My grandma on my dad's side was the most amazing pack rat I've ever known.
At their house, she had stuff piled everywhere. The bathroom had about a
million knitted dealies- toilet paper holders, toilet seat covers, jars with
knitting around them, knitted things hanging from the ceiling… The stairs
had junk piled on the sides, so you had to walk carefully through the middle
as not to knock down a stack and piss her off. The upstairs had stacks of
hatboxes and old clothes. Apparently, when someone in the family died she
would take all the junk that would normally go to the Goodwill. I can
understand keeping some items to remember the person by, but she went a
little overboard. It was as if she expected them to come back from the dead
and demand their stuff back. Her packratitude was rivaled only by my dad,
who kept every book he ever read in the basement, along with tons of other
junk. When my brother died, he started piling his worthless crap in Jeff's
room, which completely annoyed me. However, I have been carrying on the
tradition, in spite of myself.
Since my brother's room was turning into a junk pile anyway, I cleaned it
out and kept a bunch of his funny t-shirts, his old video game system,
presents I gave him, etc. Every time I look at his stuff, I think, he
doesn't care about this anymore, why should I? Nevertheless, it gives me
some kind of comfort to have these things that were his. Stuff doesn't leave
you. Stuff is always the same, always waiting for you, never insensitive and
hurtful (unless you pile it up too high and it falls on you). Ah, stuff.

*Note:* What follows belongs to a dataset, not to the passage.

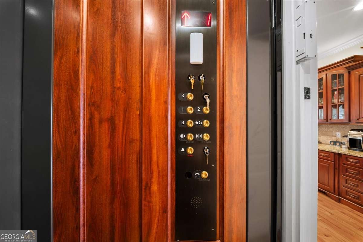 Exceptional opportunity in the coveted Vinings-Smyrna corridor, within an ultra-private community where homes rarely come to market. Live among Atlanta's elite in a residence defined by exquisite craftsmanship, architectural character, and thoughtful design that elevates everyday living. As you enter, you are welcomed by a grand dining room-easily seating 12+-framed by a warm fireplace and paired with an elegant piano/living room on the opposite side, creating a sophisticated and seamless entertaining experience. The gourmet open-concept kitchen is truly the heart of the home, showcasing an oversized island, custom luxury cabinetry, high-end appliances, and a beautifully appointed butler's pantry. The kitchen flows effortlessly into the expansive family room, where a striking fireplace and brand-new Paco doors open to a private Trex-decked balcony, bringing the outdoors in. A main-level bedroom has been transformed into a showpiece executive office, complete with a custom-crafted cherry wood archway with hidden storage, rich built-ins, and timeless coffered ceilings-an inspiring space for work or creativity. One of the rarest features of this home is the commercial-grade, five-stop elevator, providing effortless access from the garage to the kitchen, from the upper bedrooms to the terrace-level suites, and even to the attic. Convenience, luxury, and practicality meet at every level. Upstairs, the owner's suite is a true sanctuary, spanning nearly 800 square feet and offering breathtaking views of the Downtown Atlanta skyline. The fireside sitting area, enhanced by soaring beamed ceilings, leads into the serene sleeping quarters and a spa-inspired bathroom with an oversized walk-in shower, soaking tub, and dual vanities. The custom-designed closet is both stunning and highly functional. Step onto the private reinforced balcony, supported by 36-foot beams, and enjoy unparalleled sunsets and unobstructed panoramic views-your personal retreat in the sky. Three additional secondary bedrooms each feature en-suite bathrooms and generous walk-in closets, offering comfort, privacy, and style. The fully finished terrace level is an entertainer's dream or an ideal space for multigenerational living. It boasts a complete second kitchen, built-in refrigerator, coffered ceilings, a remodeled modern Jack-and-Jill bathroom, and a massive entertainment room perfect for billiards, gaming, or a home theater. Whether hosting guests or providing teens their own luxury space, this level adapts to any lifestyle. Nestled in a quiet cul-de-sac community, this four-sides-brick home with amazing curb appeal offers the convenience of walkability to restaurants and shopping. Enjoy quick access to I-285 and I-75, a short drive to The Battery and Truist Park, and easy proximity to Buckhead's premier shopping and dining. Hartsfield-Jackson International Airport and Atlanta's top attractions are all within comfortable reach. Opportunities like this rarely arise-nobody wants to leave this extraordinary community. Schedule your private tour today and start the new year in the luxury home you've been dreaming of.

It's so stable. Yet, I feel so free when it is packed up in boxes and I
don't have to look at it. When the apocalypse comes, it will just be burned
up or destroyed somehow, and all I'll have left is a large gun and a
motorcycle I picked up somewhere, and a strategically ripped outfit that
distracts zombies for the split second I need to blow them away.
1 comment:
hahahaha....I don't know about the,"strategically ripped shirt," but I plan on having the giant gun and motorcycle too! See you in the Apocalypse!